Kios ini kedapatan menimbun pupuk jenis Urea 90 sak, pupuk ZA 6 sak, pupuk fosfat (sp) 84 sak. Selain itu kios ini menjual pupuk eceran Rp 3 ribu per kg, padahal pupuk jenis urea per saknya harga Rp 130 ribu.
Komandan Unit Intel Kodim 0816 Sidoarjo Lettu Muhammad Khoiri mengatakan, penggerebekan kali ini dilakukan di kios yang menjual pupuk bersudsidi eceran dengan harga terlalu tinggi.
Padahal, menjual pupuk eceran tidak boleh melebihi standrat Harga Eceran Tertinggi (HET) dan harus sesuai pemerintah.

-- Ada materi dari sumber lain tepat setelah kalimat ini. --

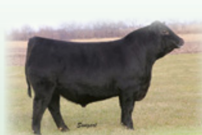
PVA HIGH NOON G445 - Son of Reference Sire A.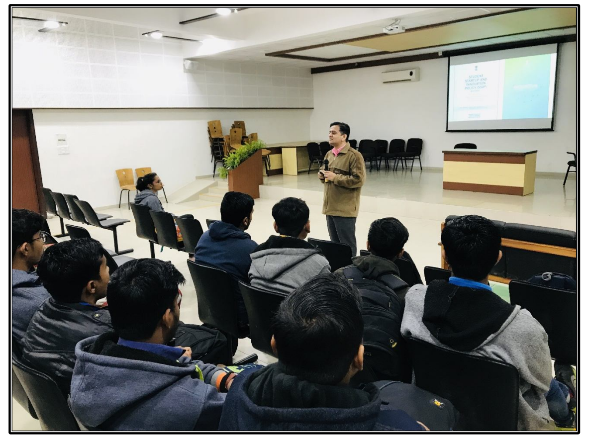
Mentor educating participants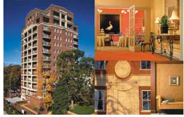
The Wakefield, high end Multi-Family High-Rise Apartment Building in the Buckhead area of Atlanta. Executives of Brookwood Group were the Developers. Brookwood provided the following services: Design (Owner's Design Consultant) under Bridging procedures and full Development Management including site selection and procurement, marketing, construction management, and arranging financing. Project Delivery Method: Bridging.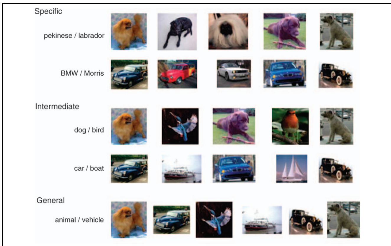
Figure 3. Examples of some of the stimuli used in the experiment. In the specific condition, all items within a scan were from the same category (e.g., different kinds of dogs, different kinds of car, etc.). In the intermediate condition, all items were from the same semantic domain (e.g., all animals or all vehicles). In the general condition, items from both domains were intermixed.

were used for the category labels: specific (e.g., Labrador, BMW), intermediate (e.g., dog, car) and general (e.g., animal, vehicle). Exactly the same set of 48 photographs were viewed in all three task conditions. Half of the trials were target trials, in which the photograph matched the word, and half were distracter trials. For specific trials, distracters were drawn from the same semantic category as the probe word (e.g., if the probe was “Labrador,” the distracter was always a different breed of dog). For intermediate trials, the distracter was from a different category in the same superordinate domain (e.g., if the probe was “dog,” the distracter was always a different kind of animal); for general-level trials, the distracter was always from the contrasting semantic domain (e.g., if the target was “animal,” the distracter was always a vehicle).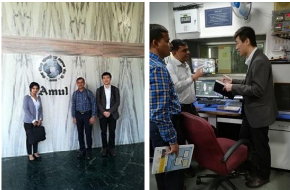
Feasibility study at Amul group, Ahmedabad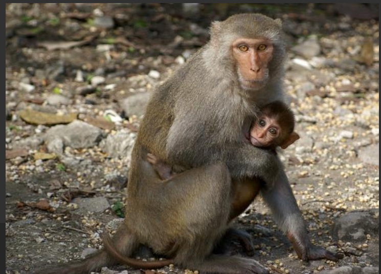
PCP HM | BENARD DECAUDIN, France, Protection intime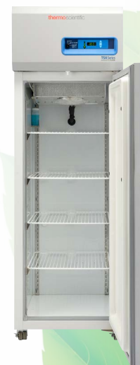
Thermo Scientific™ TSX 12 cu ft freezer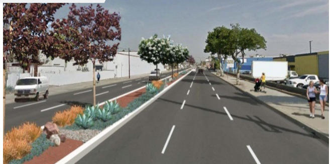
IMPERIAL HWY & GARFIELD AVENUE STREET IMPROVEMENTS $4.9M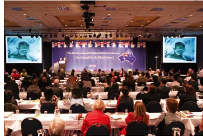
The 8th WCDN International Christian Medical Conference in Brisbane, Australia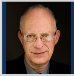
Prof. Oliver Hart Professor of Economics Harvard University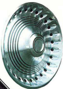
Standard Satellite wheel cover.

"Kami dari Kodim Sidoarjo diperintahkan untuk menstabilkan harga pupuk bersubsidi ini. Jangan sampai pupuk ini disalahgunakan, kasihan kepada petani," kata Lettu Khoiri kepada wartawan di lokasi, Sabtu (21/3/2015).
Dia menambahkan, pemilik kios ini juga menyimpan ratusan pupuk bersubsidi di gudang belakang.
"Entah mau diapankan sama pemilik kios ini. Semua sudah kami data dan akan kami laporkan ke atasan," pungkasnya.
Sementara itu menurut aturan yang ada bahwa harga pupuk bersudsidi saat ini jenis pupuk urea Rp 1.800/kg, sedangkan per sak Rp 90 ribu. Jenis pupuk ZA harga eceran Rp 1.400/kg dan Rp 70 ribu per sak. Sedangkan jenis SP 36 harga eceran Rp 2 ribu/kg dan Rp 100 ribu per sak. Jenis phonska Rp 2.300/kg dan Rp 115 ribu per sak dan pupuk organik Rp 500/kg dan Rp 20 ribu per sak.